> **Problem to work on**
Return the data exactly, with all pictures removed.

> **Dataset content**
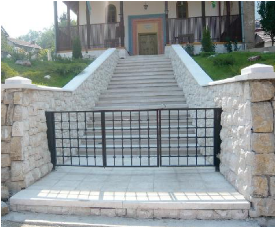
Novo stepenište bistričke džamije

Ferhad-begovu džamiju (Ferhadija džamiju) u Sarajevu izgradio je bosanski sandžak-beg Ferhad-beg Vuković-Desisalić 1561. i 1562. godine i s haremom proglašena je nacionalnim spomenikom Bosne i Hercegovine. Ferhad-beg je u sklopu džamije podigao mekteb, česmu i imaret (javnu kuhinju), koji su stradali u požaru 1697. godine. Mekteb je obnovio Mehmed-beg Dženetić, ali je i ta zgrada izgorjela 1879. godine. U ovom mektebu je jedno vrijeme bio muallim i poznati sarajevski ljetopisac Bašeskija. Od svih Ferhad-begovih objekata do danas su jedino sačuvani džamija i oko nje malo groblje.
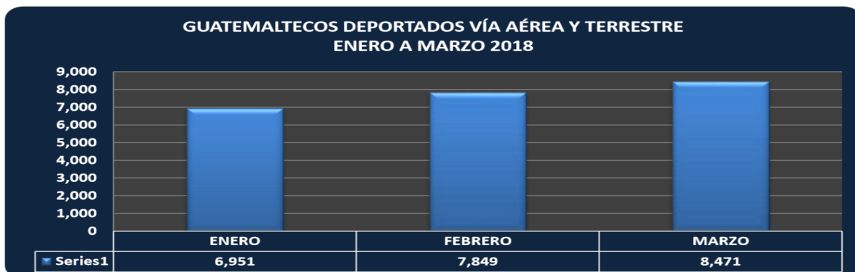
Gráfico No. 2
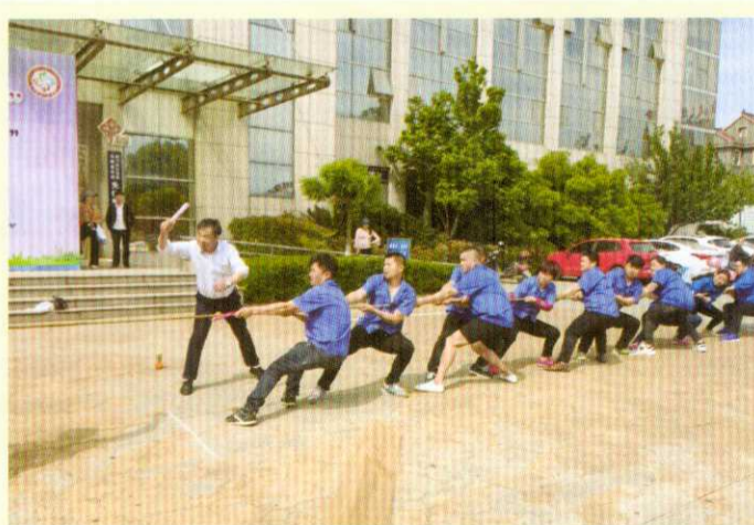
简讯: 4月20日,公司选派12位员工参加马桥街道“展风采,增活力”拔河比赛。经过几轮的奋力拼搏,我公司从35支代表队中脱颖而出,获得了比赛的第七名。(公司工会)

> **Response to the exercise**
Novo stepenište bistričke džamije

Ferhad-begovu džamiju (Ferhadija džamiju) u Sarajevu izgradio je bosanski sandžak-beg Ferhad-beg Vuković-Desisalić 1561. i 1562. godine i s haremom proglašena je nacionalnim spomenikom Bosne i Hercegovine. Ferhad-beg je u sklopu džamije podigao mekteb, česmu i imaret (javnu kuhinju), koji su stradali u požaru 1697. godine. Mekteb je obnovio Mehmed-beg Dženetić, ali je i ta zgrada izgorjela 1879. godine. U ovom mektebu je jedno vrijeme bio muallim i poznati sarajevski ljetopisac Bašeskija. Od svih Ferhad-begovih objekata do danas su jedino sačuvani džamija i oko nje malo groblje.
Gráfico No. 2
简讯: 4月20日,公司选派12位员工参加马桥街道“展风采,增活力”拔河比赛。经过几轮的奋力拼搏,我公司从35支代表队中脱颖而出,获得了比赛的第七名。(公司工会)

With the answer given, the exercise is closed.